Biaya rumah sakit ibunya, tidak bisa dibayar sendirian. Terakhir, Mae hanya memberinya 10% dari harga nominal. Si brengsek Kazuo membuat banyak alasan kuat hingga tidak ada yang bisa ia bantah.

Tidak ada seks malam itu. Kazuo pergi setelah mengatakan banyak omong kosong tentang janji juga segala hal yang terjadi di masa lalu.

Yui terlalu terkejut dan memutuskan untuk mengiyakan apapun. Posisinya sangat lemah untuk sebuah pembangkangan.

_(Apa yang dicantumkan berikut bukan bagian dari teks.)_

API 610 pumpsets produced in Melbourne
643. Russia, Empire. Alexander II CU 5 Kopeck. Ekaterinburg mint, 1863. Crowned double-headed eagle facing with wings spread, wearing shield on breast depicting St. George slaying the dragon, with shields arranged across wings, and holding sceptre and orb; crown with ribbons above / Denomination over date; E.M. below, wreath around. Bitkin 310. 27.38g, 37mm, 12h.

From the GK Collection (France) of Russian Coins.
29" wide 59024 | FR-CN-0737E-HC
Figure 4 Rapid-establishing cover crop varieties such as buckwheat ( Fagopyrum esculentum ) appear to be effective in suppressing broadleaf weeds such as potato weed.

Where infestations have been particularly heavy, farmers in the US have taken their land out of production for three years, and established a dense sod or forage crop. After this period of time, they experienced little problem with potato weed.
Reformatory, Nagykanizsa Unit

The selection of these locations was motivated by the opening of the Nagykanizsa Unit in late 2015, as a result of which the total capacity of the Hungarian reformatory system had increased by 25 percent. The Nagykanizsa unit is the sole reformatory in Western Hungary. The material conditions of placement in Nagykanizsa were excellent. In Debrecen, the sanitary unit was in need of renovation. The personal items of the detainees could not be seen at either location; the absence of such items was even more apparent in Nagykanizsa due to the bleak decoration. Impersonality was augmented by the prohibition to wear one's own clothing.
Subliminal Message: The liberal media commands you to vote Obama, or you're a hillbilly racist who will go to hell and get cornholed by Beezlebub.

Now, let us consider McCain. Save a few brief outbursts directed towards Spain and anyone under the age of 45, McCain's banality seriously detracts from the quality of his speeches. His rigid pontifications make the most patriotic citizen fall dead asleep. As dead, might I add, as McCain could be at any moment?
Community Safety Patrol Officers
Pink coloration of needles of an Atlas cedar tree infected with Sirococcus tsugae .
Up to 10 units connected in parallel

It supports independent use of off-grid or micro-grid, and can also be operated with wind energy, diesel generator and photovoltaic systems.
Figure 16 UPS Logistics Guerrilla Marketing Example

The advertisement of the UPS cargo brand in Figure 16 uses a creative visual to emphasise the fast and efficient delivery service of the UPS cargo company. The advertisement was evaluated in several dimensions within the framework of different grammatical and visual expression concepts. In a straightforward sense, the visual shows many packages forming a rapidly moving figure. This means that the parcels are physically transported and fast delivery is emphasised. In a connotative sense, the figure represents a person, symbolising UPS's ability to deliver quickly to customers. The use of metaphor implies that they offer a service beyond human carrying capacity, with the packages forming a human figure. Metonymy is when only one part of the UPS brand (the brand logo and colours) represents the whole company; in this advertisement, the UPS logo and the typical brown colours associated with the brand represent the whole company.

Hari ini, di depan banyak orang, Yui untuk pertama kalinya direndahkan. Ia memunguti sampah non organik dengan tangannya. Kotor dan baunya menjijikkan.

Waktu kecil, ny. Miura selalu membisikkan sesuatu saat Yui kecil tengah tertidur. Ia akan memeluk Yui dengan kimononya, menyanyikan lagu pengantar tidur.

"Yui chan, jangan pernah jatuh cinta apalagi menikah dengan Yakuza. Pria-pria seperti ayahmu hanya peduli dengan darah musuh daripada nyawa seorang istri."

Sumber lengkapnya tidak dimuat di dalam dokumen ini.